Le Bureau Central des Statistiques (BCS) israélien a annoncé qu’il changeait ses critères de calcul du chômage. Sur la nouvelle nomenclature : les communautés arabes. En dehors : les conscrits des forces armées israéliennes qui sont dorénavant considérés comme « employés ». Résultat : un bond gigantesque de 20%.
Ce n’est même pas un poisson d’avril. J’aimerais que ça le soit. Le Bureau Central des Statistiques (BCS) d’Israël a annoncé honteusement que les critères qu’il utilisait jusqu’ici pour calculer le taux de chômage en Israël ne correspondaient pas à ceux utilisés par l’Organisation pour la Coopération et le Développement Economiques (OCDE) [1], qu’Israël avait intégrés deux ans auparavant, non sans insister. Maintenant que le BCS veut adopter les standards de l’OCDE, le taux de chômage en Israël passe de 5,6 à 6,5%, pratiquement en une nuit. Comme Globes [2] l’a rapporté ce matin, le BCS avait annoncé pas plus tard que le 28 février 2012 qu’Israël comptait 174’000 personnes au chômage. Vendredi matin, Israël en a 227’000. Dans son communiqué, le Bureau suggère que la tendance générale du chômage en forme de pente ascendante douce reste vraie dans ses grandes lignes, sauf que, pour commencer, le taux de chômage global est beaucoup plus élevé qu’il n’était admis.
Est-ce que tout ceci n’aurait pas à voir avec le racisme et le militarisme ? Hé bien, je suis très content que vous posiez cette question. Globes suggère qu’en substance ce changement provenait de l’ajout d’« environ une centaine de communautés qui n’étaient pas prises en compte dans les études précédentes du BCS. » L’article émet l’hypothèse que ces communautés, décrites avec tact par l’analyste Uri Grienfield de la Firme d’investissement Psagot [3] comme « plus petites, plus périphériques et avec une tendance à des niveaux d’emploi plus faibles que dans les grandes villes », sont essentiellement des villages et des villes arabes.
Cette propension à oublier a déjà été assez souvent relevée à propos des médias israéliens – je me souviens très bien des indices de pauvreté divulgués dans les journaux télévisés qui, années après années, omettaient de leurs calculs les dix communautés les plus pauvres, toutes arabes – mais de mémoire c’est la première fois, qu’une institution gouvernementale admet une amnésie sélective similaire.

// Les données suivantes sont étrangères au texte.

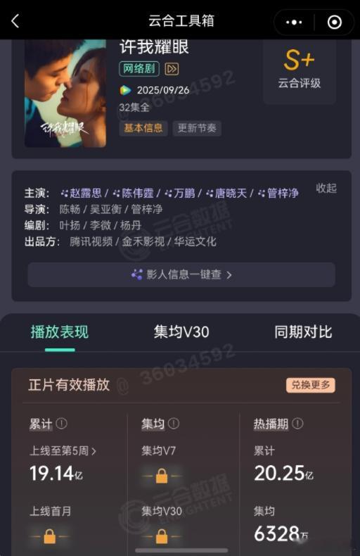 许我耀眼集均6328万赵露思、陈伟霆《许我耀眼》热播期集均6328万,2025年唯一一部集均突破6000万的剧,这成绩太牛了[good]

« Si en effet ils ont fauté pour n’avoir pas inclus certaines localités arabes, cela jette le doute sur toute la collection des données de chômage par le BCS dans les communautés arabes, surtout si l’on considère le soin avec lequel le chômage est régulièrement surveillé dans les communautés arabes et haredim [4], toutes deux traditionnellement sous-employées » me dit ma collègue Dhalia [5] lorsque je la consulte pour savoir si cette nouvelle est bien aussi bizarre qu’elle n’y paraît. « En plus des groupes de la société civile, le BCS surveille lui-même les niveaux de chômage des Arabes. Il est donc difficile d’imaginer comment le BCS a pu soudainement oublier ses propres données. »
Comme si cela ne suffisait pas, il semble que le niveau de chômage réel est en fait plus élevé, parce que les données modifiées considèrent tous les membres des forces armées – conscrits, sous-officiers, et officiers dans le même sac – comme « employés ». Sachant que les conscrits sont payés de l’ordre de 350 NIS [6] (95 dollars) par mois, et subviennent à leurs besoins essentiellement grâce à la bouffe de l’armée (soit, l’argent des contribuables israéliens et américains), au salaire de leurs parents et aux jobs payés sous la table, il semble qu’il manque au statut des conscrits [7] plusieurs caractéristiques associées au rôle de l’emploi dans une économie (« donner plutôt que prendre » au Trésor public et le pouvoir d’achat viennent tout de suite à l’esprit).
Alors que le BCS tient à présenter ce développement comme tout à fait habituel (ils n’ont même pas tenu de conférence de presse, tout juste ont-ils glissé le communiqué sur leur site web, juste avant le week-end), peu de personnes sont portées à le croire. Psagot dit que cela a ajusté ses prévisions de chômage pour Israël en 2012 à un niveau de 7,5%. Une « source financière autorisée » à Jérusalem a dit à Globes que les meilleurs administrateurs financiers du pays étaient « stupéfaits » par la nouvelle et que le Gouverneur de la Banque d’Israël, Stanley Fischer, « demande une explication » pour ce changement. Comme l’article le note, tout ceci pourrait aider à expliquer pourquoi des centaines de milliers d’Israéliens sont descendus dans la rue l’été dernier malgré une image bien rose de l’économie peinte de manière persistante par le gouvernement.